The sensor dust issue evidently is one that requires consideration with
DSLRs. 
There's another option that some LUG members take.
You can use a 21MP analog, non-crop factored, non-proprietary renewable
sensor surface and blow the dust off before you scan ;-)

I think that Olympus should best be remembered for birthing the OM cameras,
for their innovation, form factor, OTF metering, bright finders etc etc

Recidivist Hoppy

My 2.7 c worth at today's exchange rate.
------------------------------

Message: 5
Date: Mon, 19 Jun 2006 14:05:47 -0400
From: "B. D. Colen" <bdcolen@comcast.net>
Subject: Re: [Leica] 4/3 question
To: Leica Users Group <lug@leica-users.org>
Message-ID: <C0BC5FBB.12205%bdcolen@comcast.net>
Content-Type: text/plain;       charset="US-ASCII"

When all is said and done, Olympus will probably be remembered for one
contribution to the digital revolution, and that is the self-cleaning
sensor; it really, really works. I don't pay any more attention to where I
put my digital bodies, where I change lenses, or in any way baby them any
more than I did my Ms or film Nikons. And in all the time I've now been
using the E-1, I have had a total of one image which has a sensor dust spot
on it. I didn't clean the sensor after that, because the next time I turned
the camera on, the spot disappeared.

On 6/19/06 12:36 PM, "Daniel Ridings" <dlridings@gmail.com> wrote:

> I've had it happen, no doubt about that, but not nearly as much as I
> feared. That is all I was saying.
> 
> I did notice it the first time when I was at the coast with a vast
> section of the photography monotonic ... sea and sky went together.
> 
> I am fairly paranoid about how I handle the camera.
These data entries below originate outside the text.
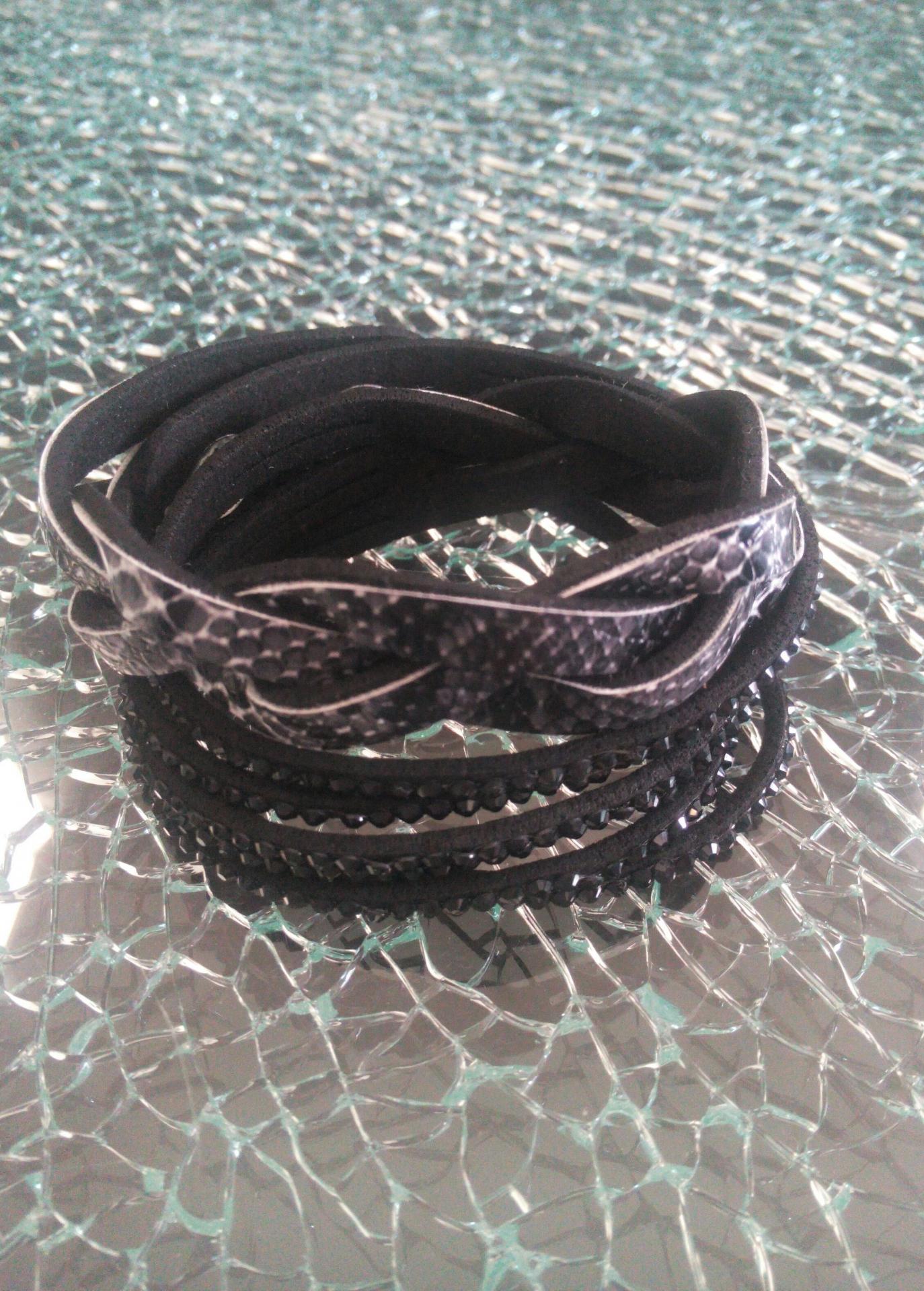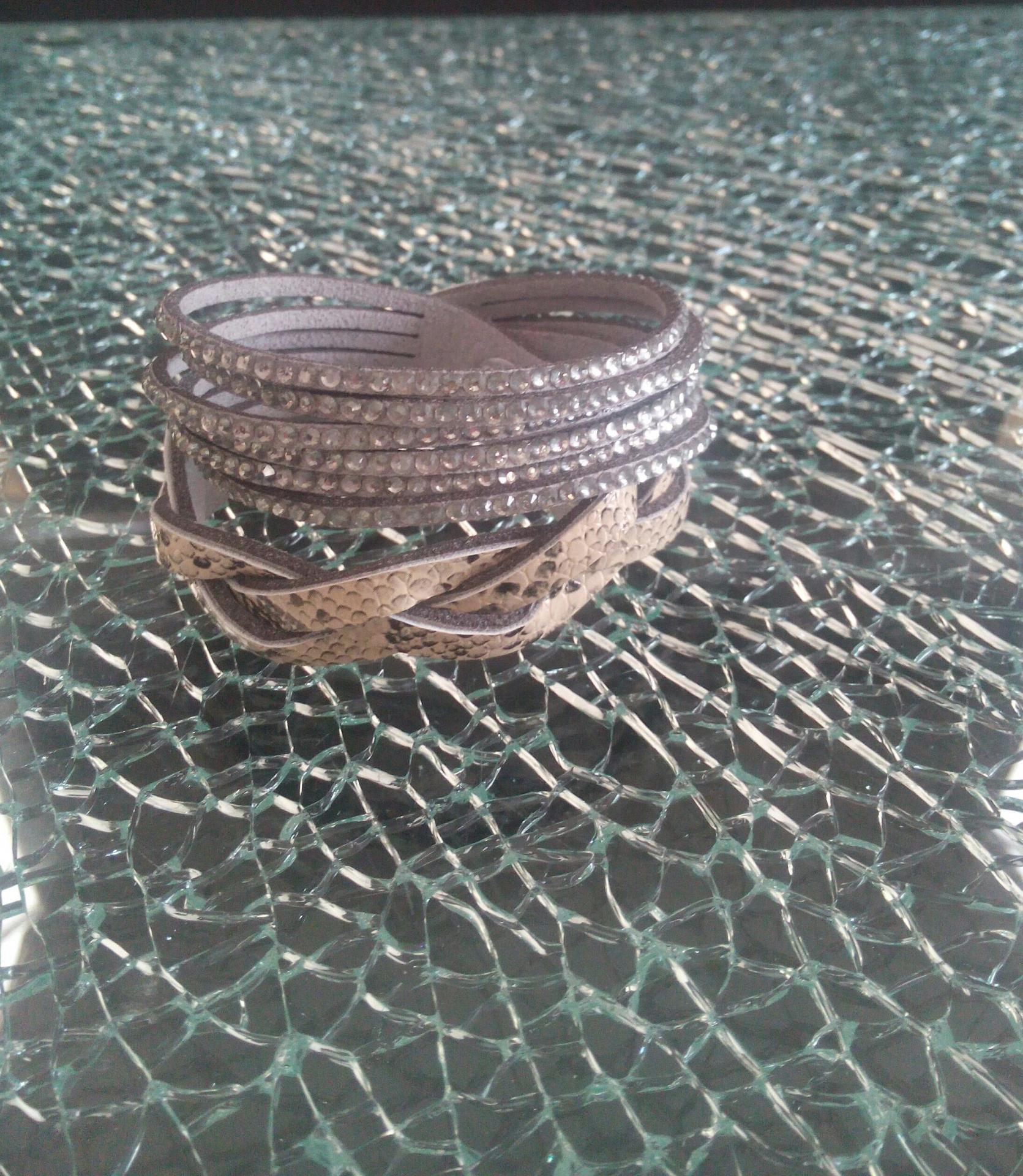 Bracelet strass et peau de serpent.
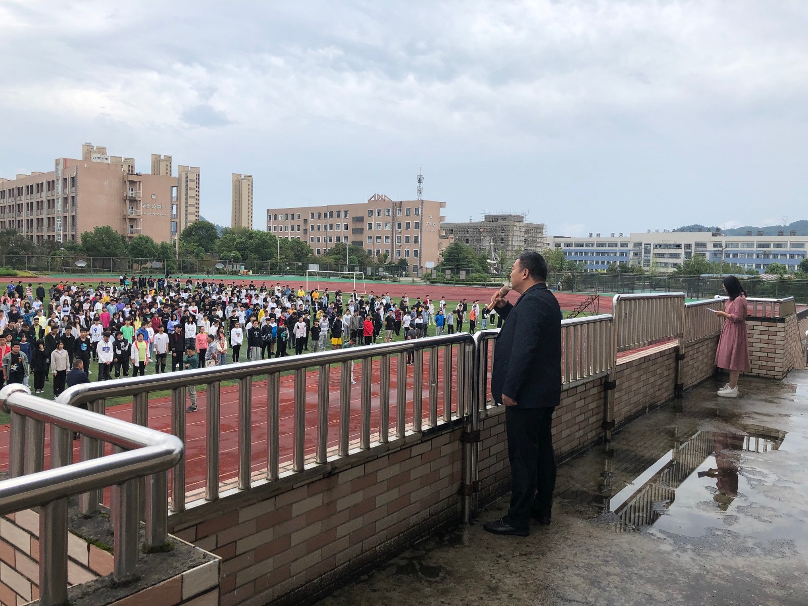 随后,学生处主任蒋丽萍向本次疏散演练总指挥刘琳校长汇报参加演练活动人数。最后刘琳校长对本次疏散演练过程作主题发言“牢记历史,勿忘国耻;不忘初心,砥砺前行”,提醒同学们要增强自己的爱国主义情怀;同时鼓励他们把握好大好时光,为祖国的日益强大而努力奋斗。
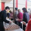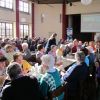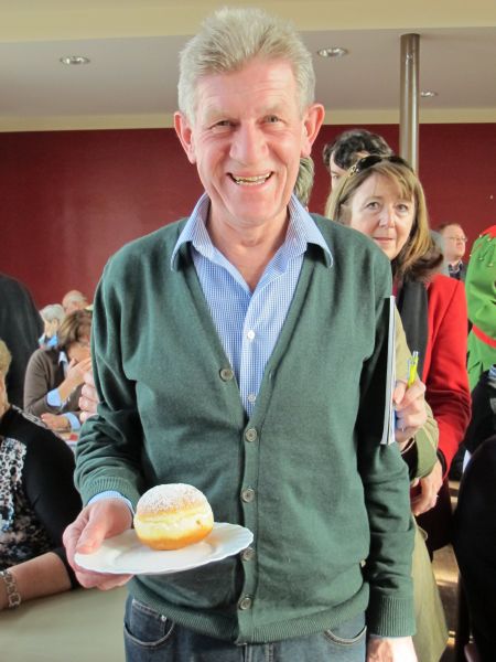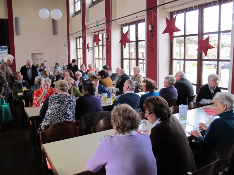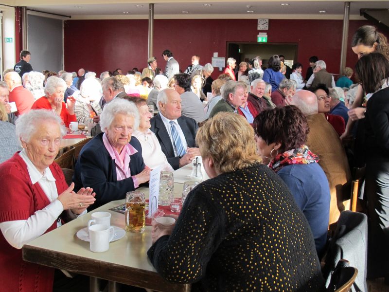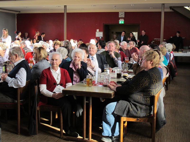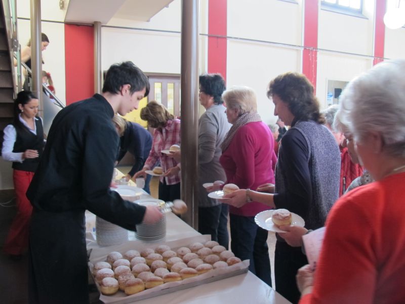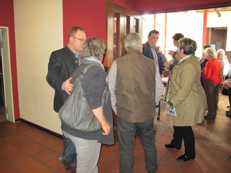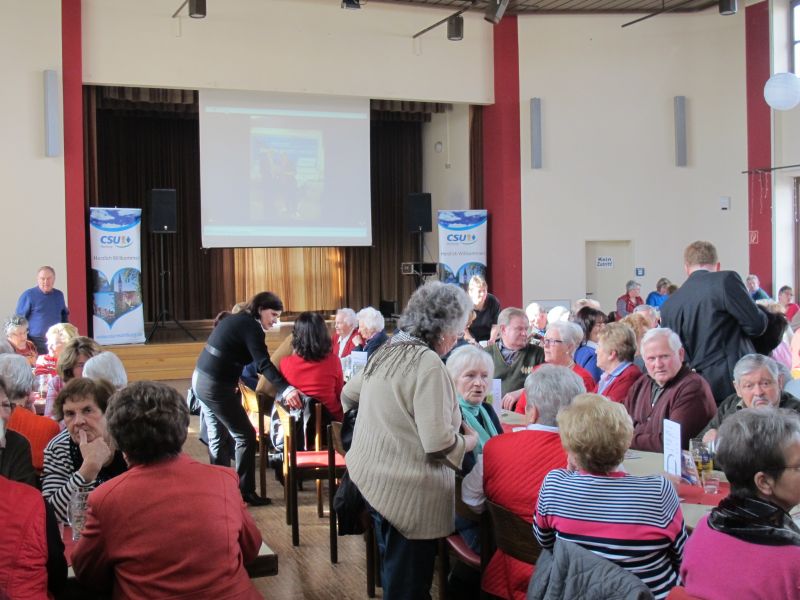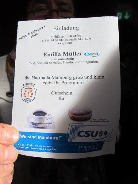 Mit einem kräftigen Händedruck wurde jeder Gast herzlich willkommen geheißen und erhielt zudem einen Gutschein für eine heiße, starke, Tasse schwarzen Kaffee dazu einen frischen Krapfen. Zahlreiche, vor allem ältere Mainburger Bürger, drängten in die Stadthalle und füllten diese bis auf den letzten Platz.
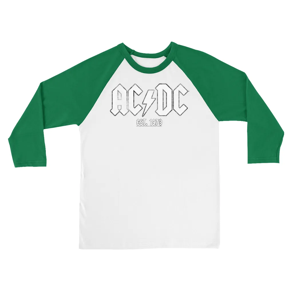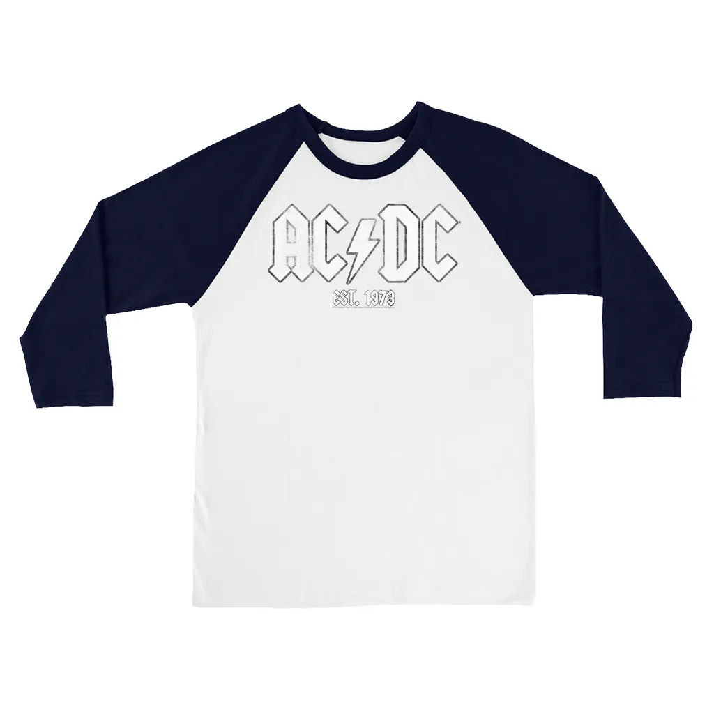 • AC/DC Est. 1973 Distressed 3/4 Sleeve Baseball Tee Design
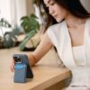 - MagSafe対応の3in1カードホルダー/二つ折りデザインのコンパクトなミラー/ハンズフリーで使用できる卓上スタンド/スリムなカードホルダー/MagSafe非対応端末やケースに取り付け可能な導電性両面粘着テープ付きシリコンスナップリング付属
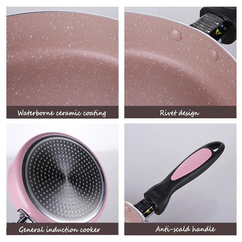 The 18-20cm Pink Omelet Pan is designed for making delicious breakfasts such as eggs, ham, and pancakes. This creative non-stick frying pan allows for cooking without oil smoke, making it a healthy choice for your kitchen.

When not in use, I
> keep it in a plastic bag, not a dusty Domke. It's being used most of
> the time though, so it is out in the open a lot.
> 
> So far I've been able to blow the dust off. I dread the day when the
> build up of static electricity makes that impossible.
> 
> Daniel
> 
> 
> On 6/19/06, Lottermoser George <imagist3@mac.com> wrote:
>> Daniel and Jayanand - I believe that if either one of you actually
>> photograph a cloudless sky or blank piece of paper (to medium gray)
>> you will see the evidence of dust on your sensors. Give it a try and
>> let me know. It's a very real issue with medium gray areas without
>> detail. Sometimes you have to blow up the image a bit to see the
>> effects.
>> 
>> Regards,
>> George Lottermoser
>> george@imagist.com
>> 
>> 
>> 
>> On Jun 18, 2006, at 1:09 AM, Daniel Ridings wrote:
>> 
>>> It is a wee bit over exaggerated, Jayanand, but it exists. It happened
>>> to me once with my D100, but it came off easily with a standard
>>> rubber-bulb blower.
>>> 
>>> On 6/18/06, Jayanand Govindaraj <jgovindaraj@eth.net> wrote:
>>>> I have the Nikon D70, live in an atrociously dusty environment,
>>>> change
>>>> lenses quite frequently, and I have not had to clean the sensor
>>>> either!!
>>>> I think this problem is a wee bit overdone.
>>>> Cheers
>>>> Jayanand
>>>> Chennai, India
>> 
>> 
>



Replies: Reply from nickbroberts at yahoo.co.uk (Nick Roberts) ([Leica] RE: Re: 4/3 question (B. D. Colen))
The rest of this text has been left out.